2021-09-16) with the new baseline date if the baseline has been updated since this documentation was written; replace the date for incremental files with the date you want to retrieve
.txtas the file extension for the file list to get a tab separated plain text version of the file list
Individual Article Download (PMC Open Access Subset Only)
PMC Open Access Subset Individual Article Packages
If you only want to download some of the PMC OA Subset based on search criteria or if you want to download complete packages for articles that include XML, PDF, media, and supplementary materials, you will need to use the individual article download packages. To keep directories from getting too large, the packages have been randomly distributed into a two-level-deep directory structure. You can use the file lists in CSV or txt format to search for the location of specific files or you can use the OA Web Service API. The file lists and OA Web Service API also provide basic article metadata.
- Filenames: PMCXXXXXXX.tar.gz where the X's represent a specific PMCID
- File lists: oa_file_list.csv or oa_file_list.txt (Located up one level in the top level PMC FTP directory)
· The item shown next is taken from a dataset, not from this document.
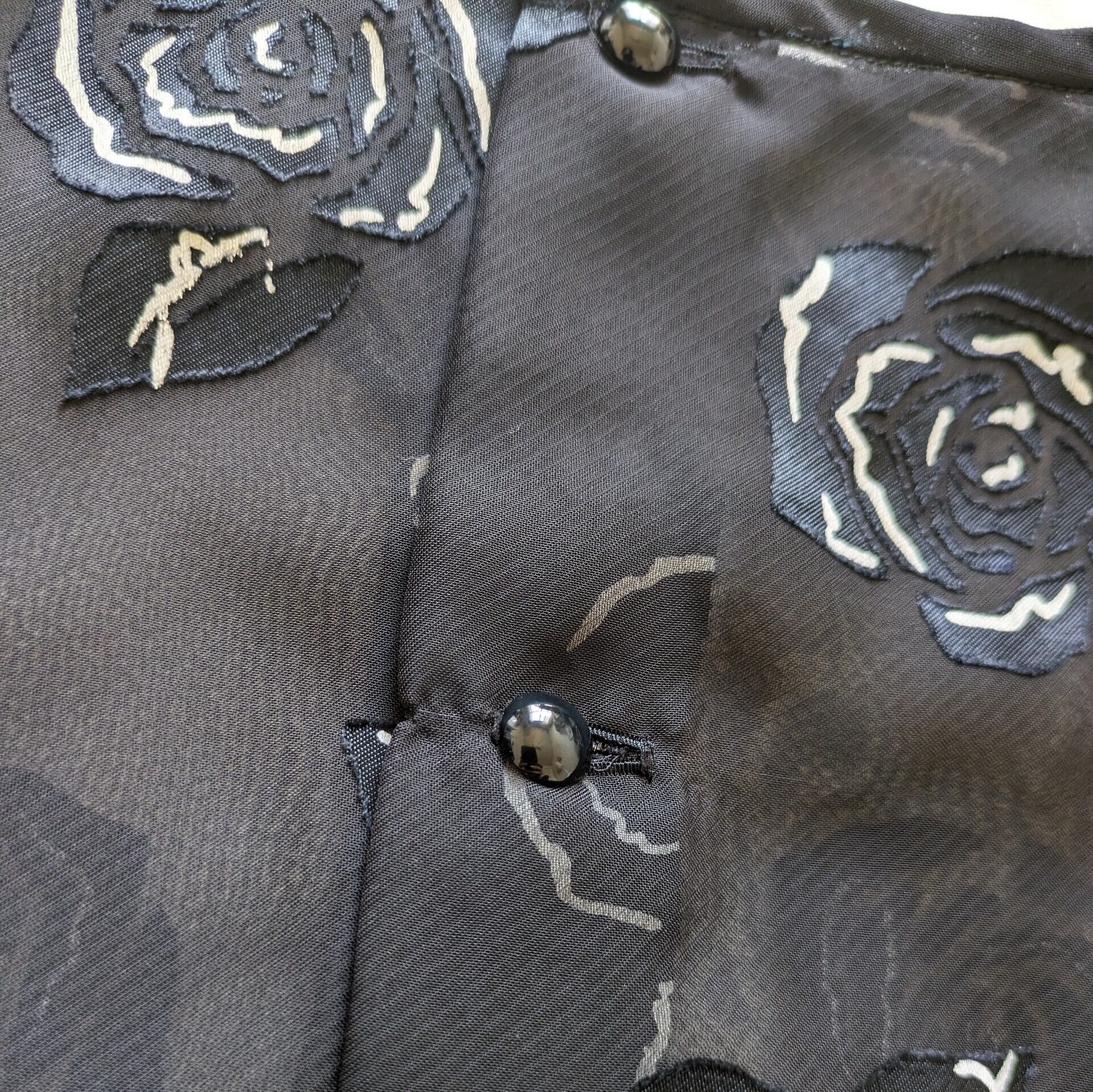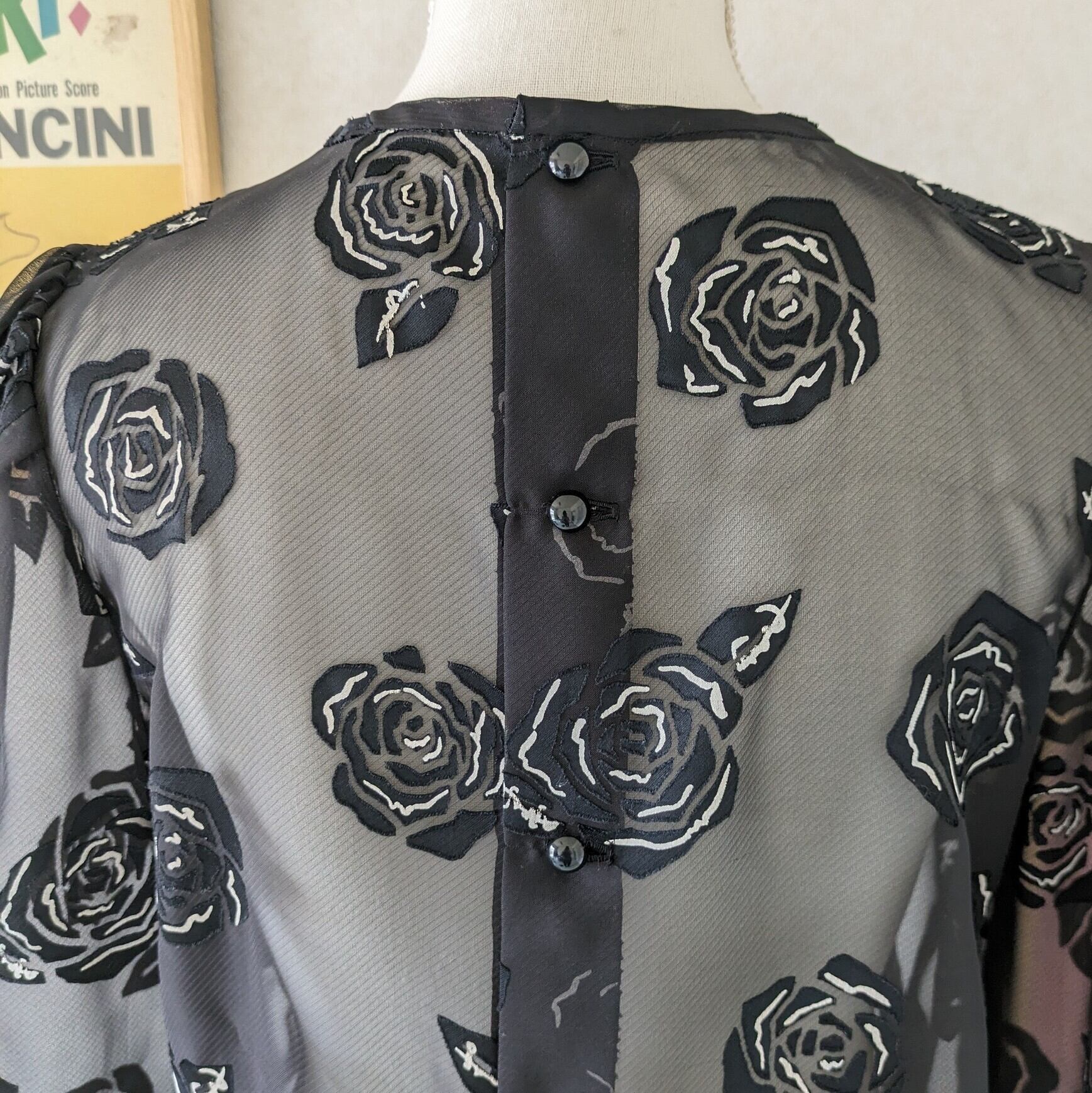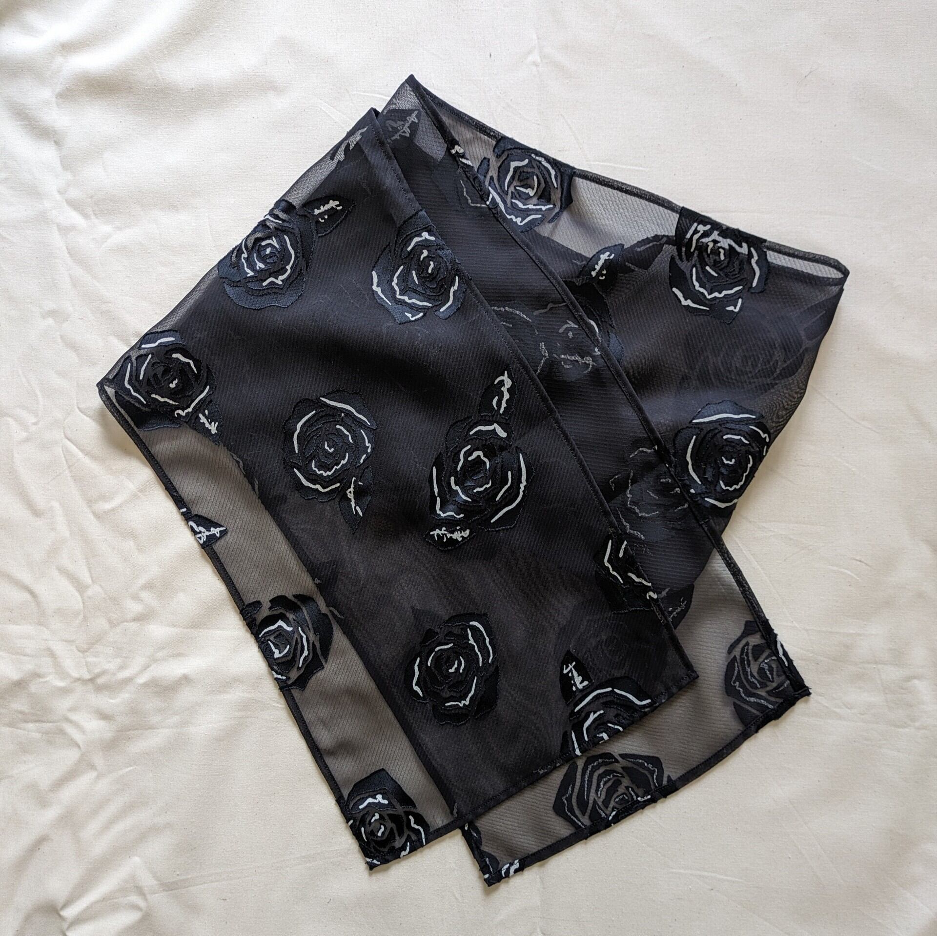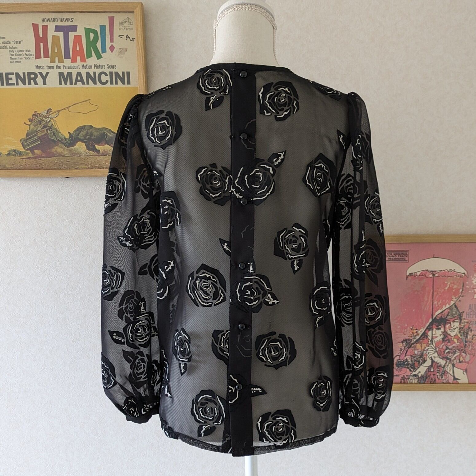 【昭和レトロ】レナウン ローズ柄 黒 シアーブラウス スカーフ付き サイズM〜L程度 used レディース古着

The first line of each file list is the timestamp the file was written. Subsequent rows contain metadata for each article.
Each row is divided into 6 metadata fields for CSV (5 for TXT), delimited by comma (tab) characters, For example:
oa_package/66/8b/PMC555938.tar.gz BMC Bioinformatics. 2005 Mar 7; 6:44 PMC555938 PMID15748298 CC BY
The fields in the files are:
- The fully qualified name of the .tar.gz file for an article
- The article citation, comprising the journal title abbreviation, publication date, volume, issue, and the page range or elocation ID
- PMC accession number (PMCID)
- Last updated timestamp (YYYY-MM-DD HH:MM:SS) (NOT INCLUDED in TXT files)
- PubMed ID (PMID)
- License type*
*The field value for “license type” can be any of the standard Creative Commons license variants (e.g., CC BY; CC BY-NC; CC BY-NC-ND) or “NO-CC CODE”. “NO-CC CODE” appears when the license is missing, has custom terms (i.e., not a Creative Commons license), or is not machine decodable.
PDF Download (PMC Open Access Subset Only)
PMC Open Access Subset PDF Files
Individual article PDF downloads are only available for non-commercial use licensed articles. To keep directories from getting too large, the article PDFs have been randomly distributed into a two-level-deep directory structure. You can use the oa_non_comm_use_pdf file lists in CSV or txt format to search for the location of specific files, or you can use the OA Web Service API. The file lists and OA Web Service API also provide basic article citation and license information, as well as the date the article was last updated in PMC.
- Filenames: filename.PMCXXXXXXX.pdf where filename is the original name of the source file and the X's represent a specific PMCID
- File lists: oa_non_comm_use_pdf.csv or oa_non_comm_use_pdf.txt (Located in the top level PMC FTP directory)
Articles in these datasets are made available consistent with either the terms of applicable article-level license statements or the funder’s policy. See PMC Copyright for more information.
How to Cite
See the individual dataset pages on how to cite the PMC Open Access Subset and PMC Author Manuscript Dataset.